Memory-Boosting Drug Reduces Drug Cues for Cocaine Addicts

Posted on August 9th, 2010

An anxiety medication known as D-cycloserine may be able to help suppress cravings and the possibility of relapse in cocaine addicts. According to a new study by researchers at Yale University, the anti-anxiety medication combined with cognitive behavioral therapy in cocaine addicts has the potential to help addicts resist drug consumption when faced with drug-taking cues, even when outside of rehabilitation treatment.

D-cycloserine has long been approved by the Food and Drug Administration (FDA) as an antibiotic for treating tuberculosis, but has also been found to be effective in combined treatments for obsessive-compulsive disorder, anxiety, fear/phobias, social anxiety disorder, autism, and chronic neuropathic pain.
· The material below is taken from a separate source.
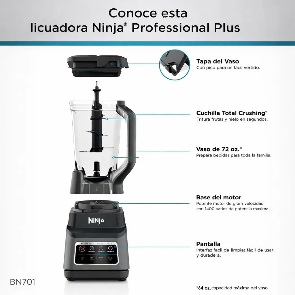 La Ninja Professional Plus con Auto-iQ BN701 es una licuadora de alto desempeño pensada para quienes buscan potencia, capacidad grande y facilidad de uso en una sola máquina. Integra una base de motor de 1400 watts pico, una jarra Total Crushing de 72 oz y 3 programas automáticos Auto-iQ, diseñados para preparar smoothies, bebidas congeladas y helados o postres fríos con solo presionar un botón.

Although it is only used as an antibiotic in cases of tuberculosis, D-cycloserine is also a central nervous system stimulant that causes action on certain neurotransmitter receptors for glutamate—a chemical involved in the brain’s learning and memory function.

Lead researcher Dr. Mary Torregrossa and colleagues used the old drug that is known to have little occurrences of serious side effects in combination with behavioral therapy on rats that self-administered cocaine for several weeks. The rats’ behavioral habits regarding self-administered cocaine consumption are considered to mimic the habits of human drug consumption. The researchers’ findings were published in the August 4 online issue of The Journal of Neuroscience.

The researchers’ study involved 168 male Sprague Dawley rats who were trained to self-administer cocaine in response to drug-taking cues for weeks. Then, the drug-taking cues were removed under a treatment method known as extinction therapy. This type of behavioral therapy trains the addict’s mind to disassociate drug-taking cues from the motivation to seek or consume drugs. For example, even after completing rehabilitation therapy, a recovered cocaine addict may be incited to take cocaine once again in response to visual cues like seeing a former drug dealer or a location where the individual once consumed drugs, and scent cues like the smell of fumes. For this reason, drug addicts have a high tendency to relapse into their previous drug habits.

Extinction therapy, which has been effective in suppressing drug cravings and preventing relapse in numerous studies, tends to work best in controlled environments, like a treatment facility. So far, it has been difficult to maintain the suppression of drug cravings long after the addict has completed recovery. With the addition of D-cycloserine to this therapy, the efficacy of extinction therapy is expanded beyond where the therapy takes place, giving the recovered addict a better chance to avoid relapse.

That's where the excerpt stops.